Cover Story

Before he joined the Multisystemic Therapy (MST) program, psychologist Phillippe Cunningham, PhD, says that he was frustrated because the juvenile detention centers he worked in released teenagers into problem communities, and they would "come right back."

A 16-year-old youth who recently underwent an MST intervention supervised by Cunningham fared a lot better. The young man, who started out in the program abusing drugs and intimidating his mother, ended up curbing his behaviors and developing a stronger bond with his mom. His mom got better too.

Because MST is pragmatic and focused on juvenile justice outcomes, the six-member MST team, including one therapist who worked on-site, first spotlighted the youth's law-related problem--drug use--and worked the case around that, Cunningham says.

Once they named the surface problem, team members delved into causal factors. They soon discovered that the young man's mother, a single parent, was seriously depressed. The young man, who could intimidate the mother with size alone--he weighed about 200 pounds--ran the household, albeit chaotically.

The team's first priority was therefore to treat the mother's depression and rekindle her parental role. The on-site therapist did this in several ways: She provided cognitive-behavioral therapy to combat the mother's depression, helped her build social supports and taught her effective parenting skills. If the mother had trouble enforcing rules with her son, the therapist was there to help her figure out why and to do something about it, visiting as often as four times a week if needed.

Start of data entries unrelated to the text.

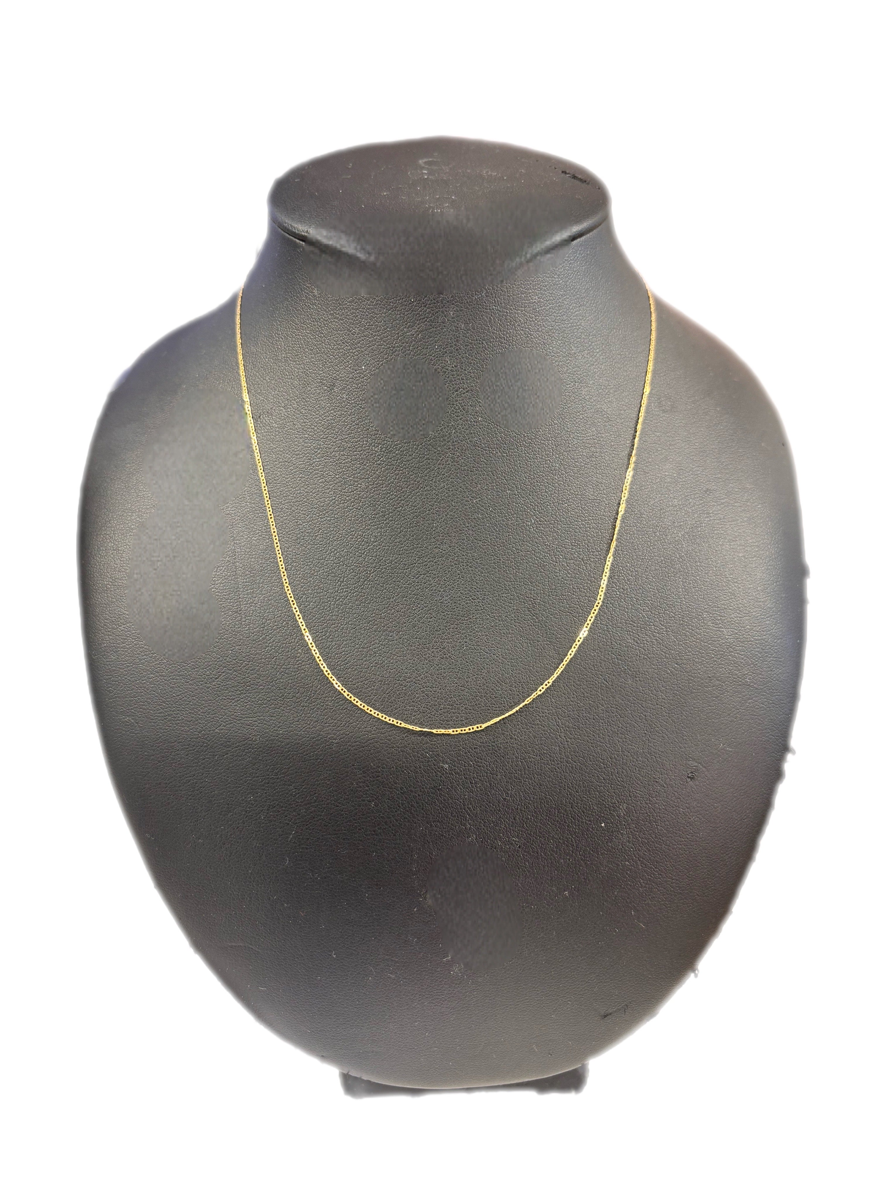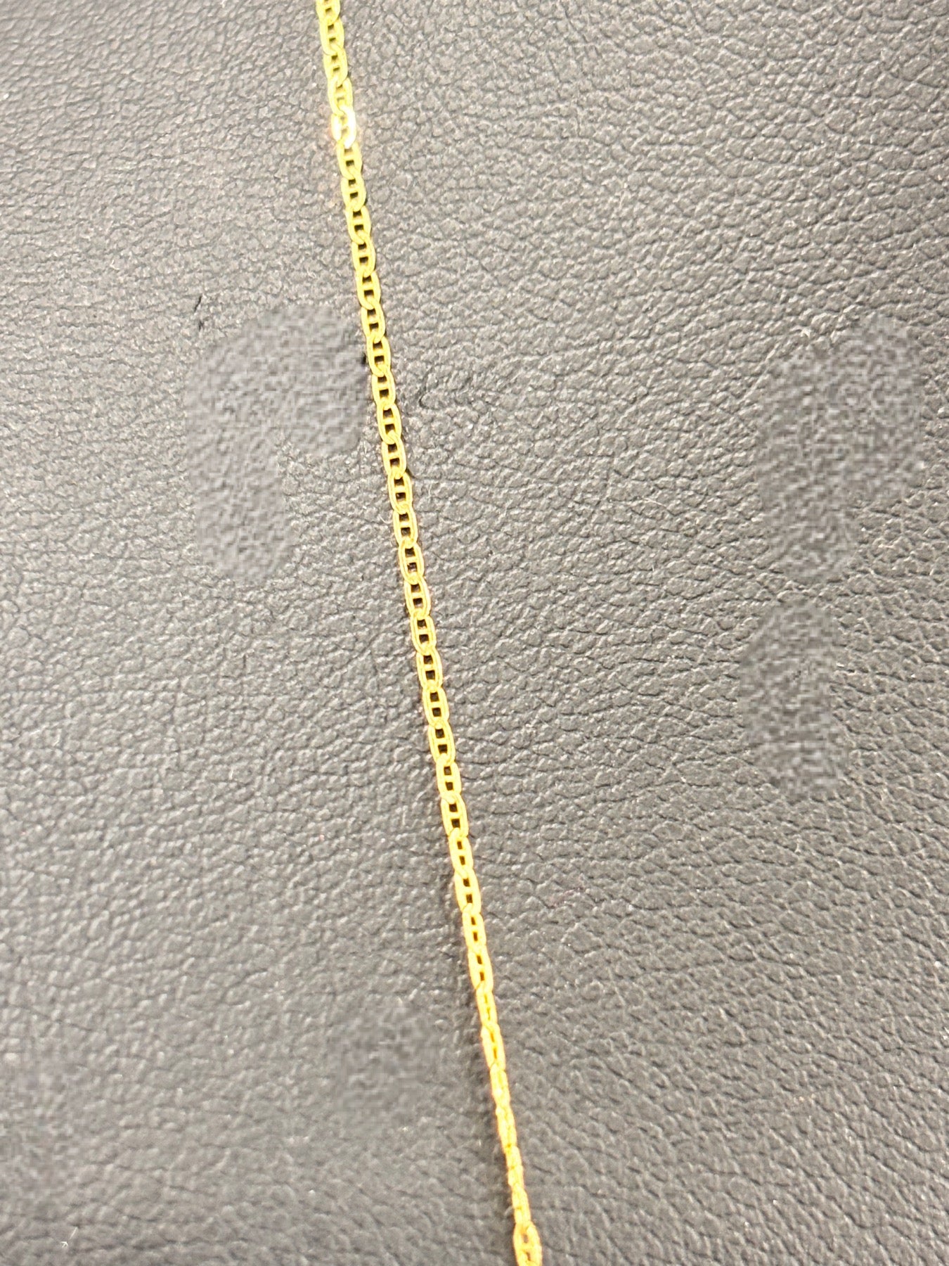 Sautoir en or jaune 18 carats (750/1000), maille marine, sans poinçon, avec fermoir à anneau ressort. Longueur : 40 cm ; largeur et épaisseur : 0,1 mm. Poids : 1,06 g. Sans pierre. Très bon état.
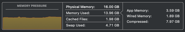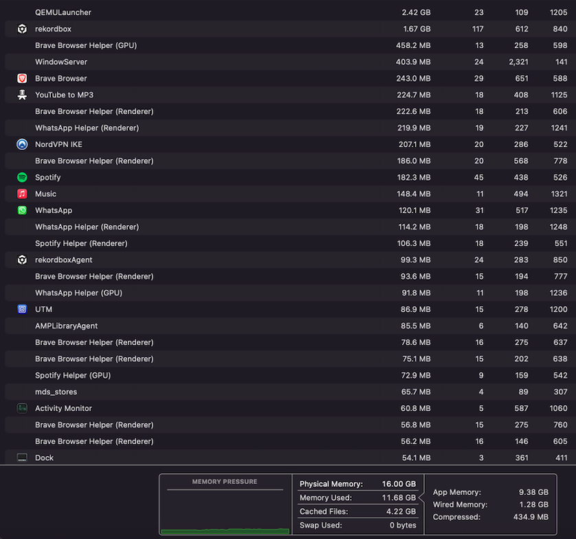 Attached my memory pressure and activity monitor below which consisted of the following: Rekordbox with some decks hooked up whilst actively mixing and powering the decks through my laptop, downloading 7/8 songs in the background on Mediahuman (although this happened absolutely lightning quick in comparison to my 2015 MBP (10 seconds vs about 2 mins) so not even sure it made a dent in the RAM pressure), had open Spotify, Soundcloud (app via Brave), Brave (about 5 tabs), Whatsapp, VPN, hooked up to a standard 23" HD external monitor.
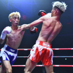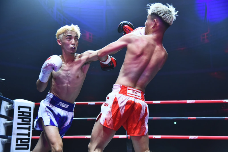 パンチを当てる小林(左)
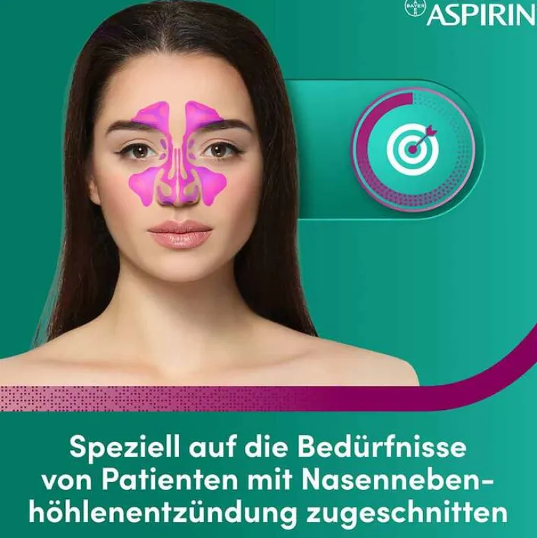 Gleichzeitig können Betroffene dank Aspirin® SinuComplex auf abschwellende Nasensprays verzichten, die bei Nasennebenhöhlenentzündungen häufig eingesetzt werden, dabei jedoch nicht bis in die tieferliegenden Nebenhöhlen gelangen. Aspirin® SinuComplex entfaltet seine abschwellende Wirkung in allen betroffenen Bereichen der Nase und Nebenhöhlen und wirkt damit umfassender als Nasensprays. Die schmerzlindernde Wirkung sowie entzündungshemmende Eigenschaft des Präparates ersparen außerdem die Einnahme weiterer Schmerztabletten. Als Präparat zur Kurzzeitbehandlung der Symptome einer Nasennebenhöhlenentzündung ist Aspirin® SinuComplex darüber hinaus speziell auf die Bedürfnisse von Nasennebenhöhlen-Patienten zugeschnitten. Während sich diese bisher oft mit verschiedenen universellen Erkältungspräparaten zur Linderung einzelner Symptome zufriedengeben mussten, bietet Aspirin® SinuComplex nun eine gezielte Lösung für Betroffene in nur einem Präparat.
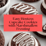 Hostess Cupcake Cookies combine rich chocolate cake flavors with fluffy marshmallow frosting and a smooth chocolate ganache. These delicious treats capture the nostalgic taste of the classic cupcake in a fun, handheld cookie form—perfect for parties or anytime you crave something sweet.
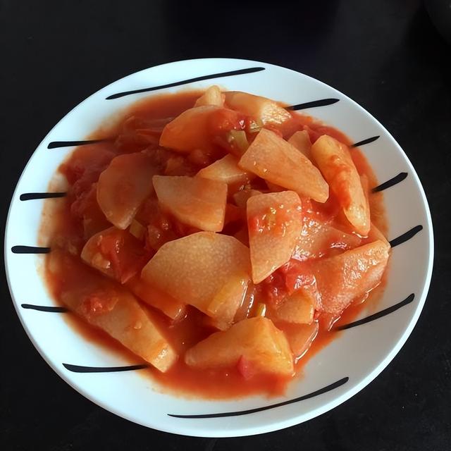 在锅内加入少许油,再放入葱末、姜末爆香,把番茄放入煸炒片刻,倒入山药,加少量盐翻炒均匀即可出锅。
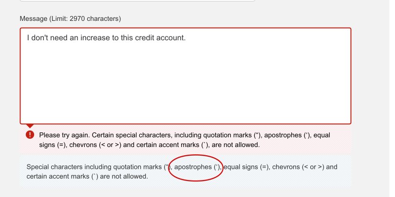 @Citi@BestBuySupport - I can not use apostrophes in your credit card messaging UI. That is pretty silly. Do not you think?pic.twitter.com/bBdTbyugLm
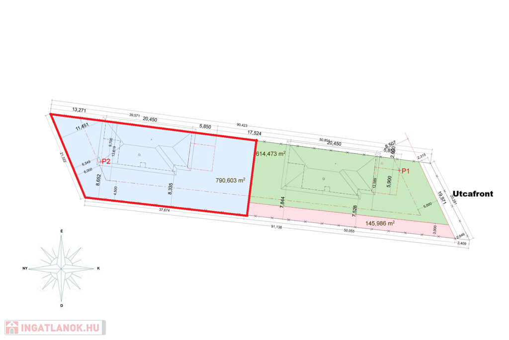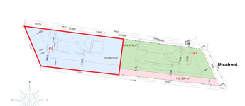 Székesfehérvár egyik legnépszerűbb kertvárosrészében, a Fekete hegy, város közeli szélén, csendes utcában készült ez a családi ház, 1600 négyzetméteres telken, közösen egy másik házzal. Ehhez a házhoz a telekből 790 négyzetméteres rész tartozik ( a megosztási vázrajzon pirossal bekerített telekrész). A házakhoz tartozó telekrészek teljesen elszeparálhatók.
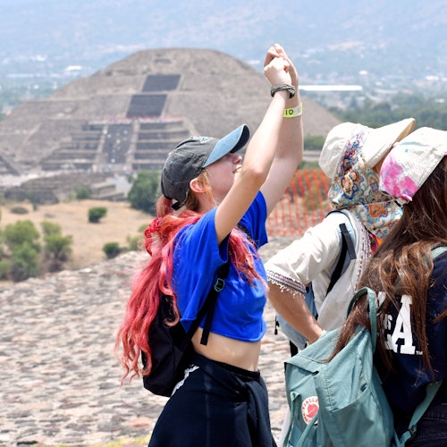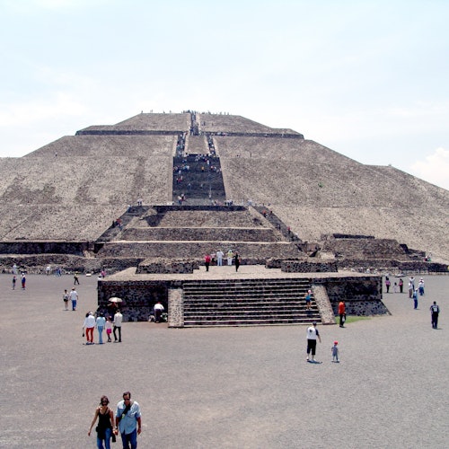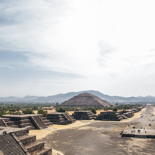 Después del vuelo, saca el aventurero que llevas dentro y explora la zona arqueológica de Teotihuacán a nivel del suelo, donde verás las monumentales pirámides del Sol y la Luna, la Avenida de los Muertos y el Templo de Quetzalpapalotl.
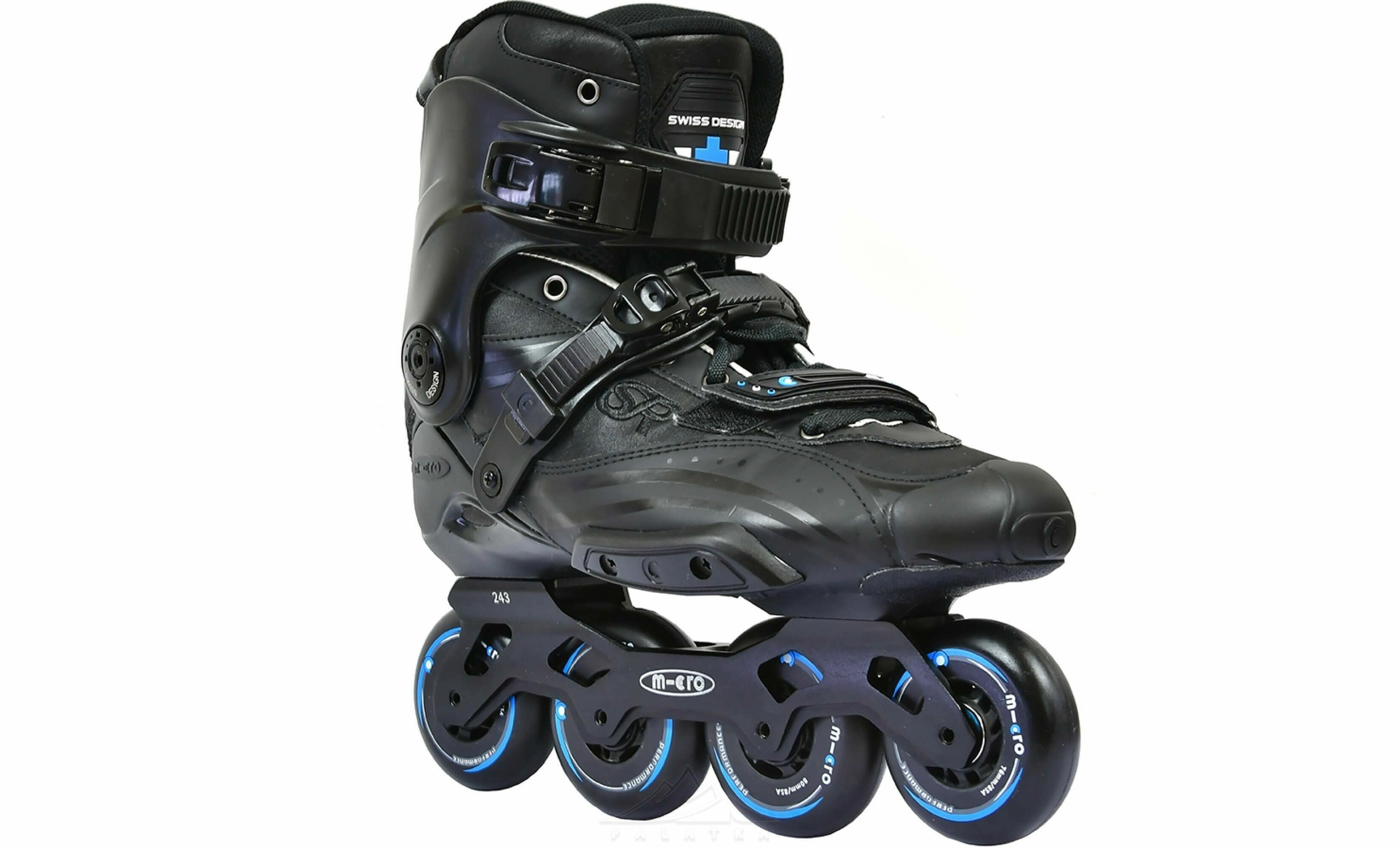 - Верх із композиту поліуретану та шкіри — ролики краще облягають ногу, тому посадка відчувається щільною та комфортною під час катання.

Meanwhile, the team made a plan to tackle the young man's substance abuse. It included rewards and punishments that took advantage of the mother's newly expanding parenting skills, and it provided support when the mother needed it.

"When the mom started to gain more energy, she began to show up at the corner where the kid went to hang out," says Cunningham with a chuckle. The mother also nipped in the bud a strategy her son used when she'd ground him: running away to a house down the street. The mother called the head of the other household, telling her not to let her son in when he was under curfew.

The team also taught the mother how to be a more affectionate parent, says Cunningham. She learned to ask the young man about his day and to otherwise show interest in him--including with hugs.

"The kid was like, 'Don't hug me,' like most teenagers do," Cunningham says. "But it was more like he was saying, 'Gimme more, gimme more, gimme more.'"

A key ingredient to the treatment's success was removing barriers to the family's healthy functioning, Cunningham says.

"Our assumption is that families want to save their kids and therapists want good outcomes," he says, "and if that's not happening, something must be getting in the way. My job is to figure out what's getting in the way."